Colorado schools get new report cards
DENVER (AP) – Colorado schools are getting their first ratings under new performance standards approved by lawmakers last year, replacing school report cards that teachers and educators said only stigmatized schools.
Under the old system, which relied on statewide student test scores and included a complex formula to allow for low-income students and other factors, schools were graded from excellent to unsatisfactory, much like a school report card.
Under the new program, school districts and schools are given accreditation ratings based on academic growth and success preparing students for college and career readiness.
Under the new system 111 school districts were rated as accredited or higher. Only 14 got a higher rating of accredited with distinction. Schools that failed to meet standards were ordered to submit improvement plans.
“This is our first big picture performance review under the new accountability system,” said Education Commissioner Dwight Jones at a ceremony honoring exceptional schools on Thursday.

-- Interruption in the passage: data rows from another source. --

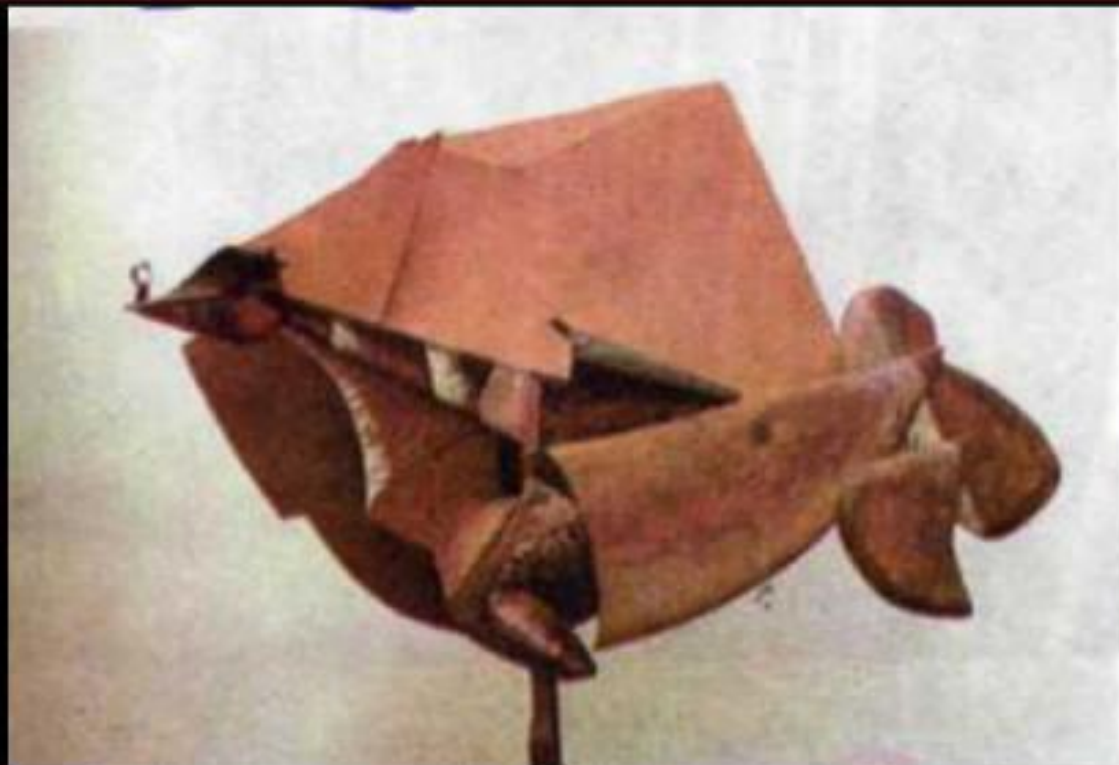
Конь + Всадник + Дом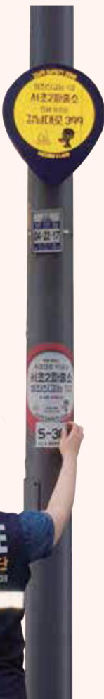
강남역 세이프티존 플리스팟-가까운 파출소 및 신고위치 안내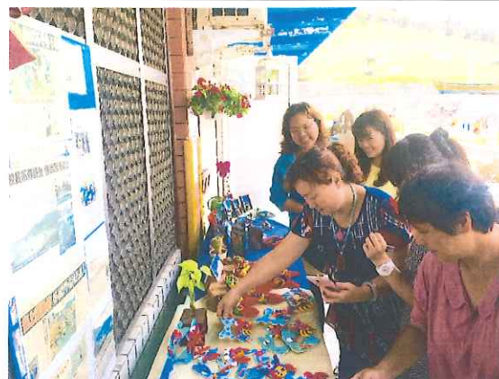
105 年 6 月 16 日委員到校進行訪視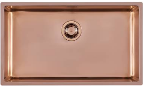
Évier KE Copper 2157 858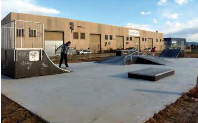
Aspecte actual de la pista d'Skate de Palau-solità i Plegamans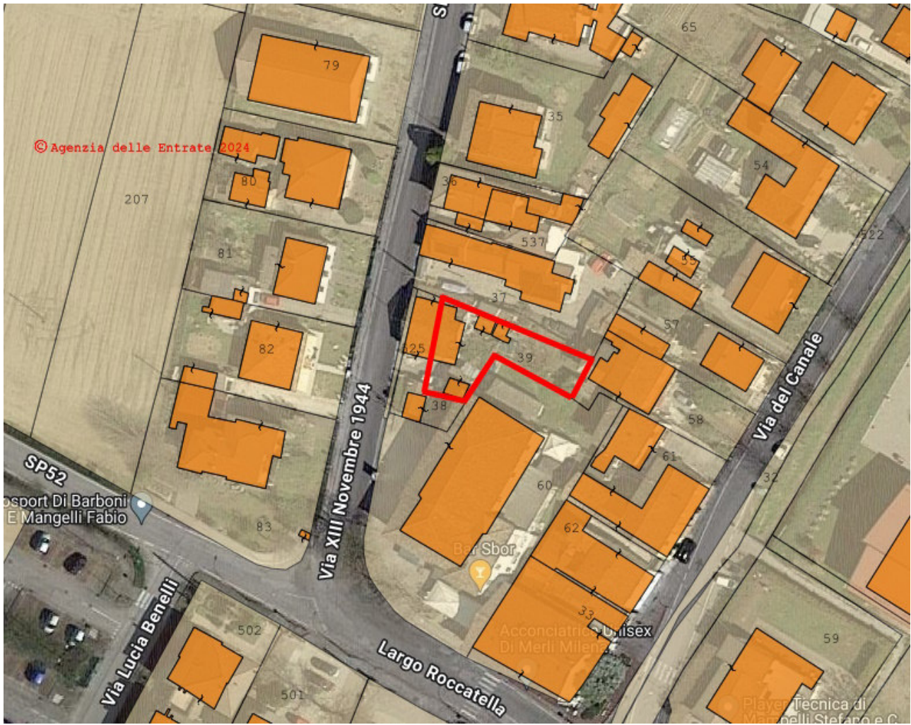
Sovrapposizione della planimetria catastale e dell'aerofotogrammetria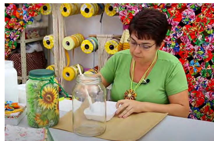
Artesanato Sustentável

A produção de peças e objetos de maneira manual é a característica mais marcante do artesanato sustentável, tudo tem uma ligação do homem com o meio ambiente

The report indicates Colorado is closing gaps in reading and math, and increasing the number of students making academic progress.
Gov. Bill Ritter said the new assessments are better than the old report cards that graded schools based on student scores on statewide tests. The new system also measures long-term academic growth, identifies gaps in performance and measures career development.
Ritter said when he took office four years ago, public schools were only concentrating on statewide test scores. He said the high school dropout rates were intolerable, schools weren’t being held accountable for career preparation and there were big gaps between wealthy schools and those with less resources.
“We saw many signals that public education was failing our kids in a serious way,” he said.
Jeanne Beyer, communications director for the Colorado Education Association, the union representing 40,000 teachers statewide, said the new program is a big improvement because it holds teachers and administrators accountable for what happens in their schools.
Jane Urschel, associate executive director of the Colorado Association of School Boards, said the reports still stigmatize schools. She said rating schools should be left to local school districts and not the state.
“The role of the school district is to accredit the schools. The state role is to accredit the district, and that’s not happening,” she said.